Director and writer Terry Gilliam’s movie is a mess, often very confusing, and yet like his Brazil, a fascinating one. He has so many ideas that he tries to put into effect that the screen at times almost bursts with energy. Gilliam has combined elements of Lewis Carroll’s Through the Looking Glass with the old Faust tale. Claiming to be over a thousand years old, Dr. Parnassus has gambled with Mr. Nick (Tom Waits), a.k.a. the Devil, through the centuries. His latest wager involves each of them winning over five souls to his side—with the stakes being the soul of Valentina when she reaches the age of sixteen in three days. The stranger eventually regains his memory: he is Tony, head of a charity front set up by a Russian mob. His life is sought by their henchmen because he has absconded with the funds. He has survived hanging by placing his pipe in his throat, thus keeping his air passage intact, but will it work when the hit men follow him through the magic mirror and into the strange world conjured up by the magic of Dr. Parnassus and the lusts of his own mind? There is a lot more to come, including a final wager on Mt. Parnassus in dreamland wherein Tony is resolved to give his soul for that of Valentina—and more.

Terry Gilliam shows that his inventiveness by reversing his decision to scrap his film when Heath Ledger died so suddenly. Most of the scenes involving Ledger this side of the magic mirror had been filmed, so the director used three other actors for Ledger’s stand-ins during the three sequences taking place in the either side of the Imaginarium— Johnny Depp, Jude Law, and Colin Farrell. Gilliam sets us up for this by having a minor character going through the mirror change her appearance.

The film is indeed a mess in many ways, the plot at times very hard to follow, and yet it is a delight to the eyes as well as an illustration of the ways in which our hearts (or desires) can lead us astray. When a portly matron insists on usurping the head of the line for those waiting to enter the land beyond the mirror, we see her obsession with clothing and jewels—there are dozens of huge women’s shoes surrounding the paths on which she walks. She willingly trades her soul to fulfill her desires. Soon Tony has collected four souls needed to save his lover.

And later, when Tony passes through the Imaginarium’s mirror the landscape looks like the product of folk art, and there are dozens of mirrors reaching up into the sky. Seeing tiny figures climbing them, the ambitious Tony mounts his own ladder, eager to reach the top. There is so much crammed into the film that one really should see it with a group so as to sort out its various meanings.

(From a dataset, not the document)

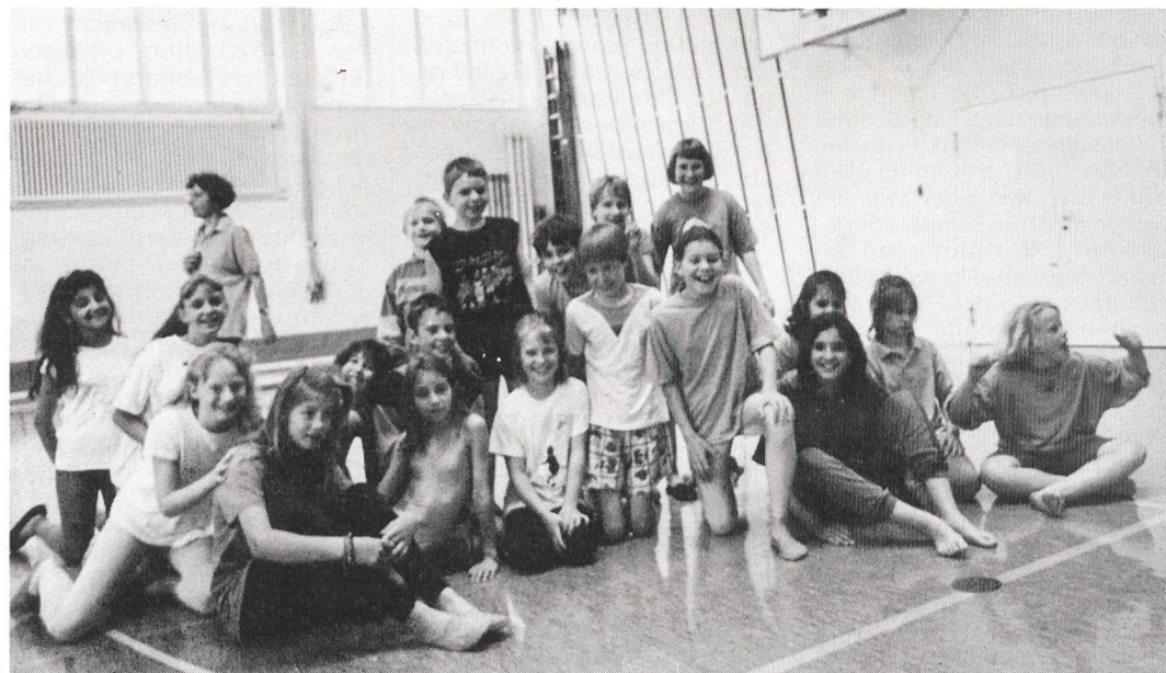
Das Spiel ging unentschieden aus. Die gehörlosen und hörenden Turner stellen sich strahlend dem Fotografen.

Dass hörende Kinder mit gehörlosen zusammen spielen, ist positiv für beide. Hörende entwickeln so ein viel natürlicheres Verhältnis zu Behinderten. Und die Gehörlosen

For reflection/Discussion 1. How is the film similar to Lewis Carroll’s and to the Faust stories? What other stories about a human wagering with the Devil can you think of?

2. What apparently did Dr. Parnassus want that led him to gamble with the Devil? What might you be tempted by that would lead you to make a wager with the Devil?

3. How might the matron whose desire was shoes and jewels have done better had she heeded Jesus’ words in Matt. 6:19-24?

4. With what does Parnassus seek to tempt the Russian gangsters? What does this say about his view of policemen?

5. In the episode in which there is a myriad of ladders, were you reminded of the meaning of other ladders? Such as “Jacob’s Ladders” in the old Spiritual and Genesis story; or the saying about climbing the ladder of success?

6. What kind of a person has Tony apparently been? What does the banquet sequence reveal about him? Does the logos on the table cloth “Suffer the little children” sound familiar? Yet how does Tony redeem himself at the end?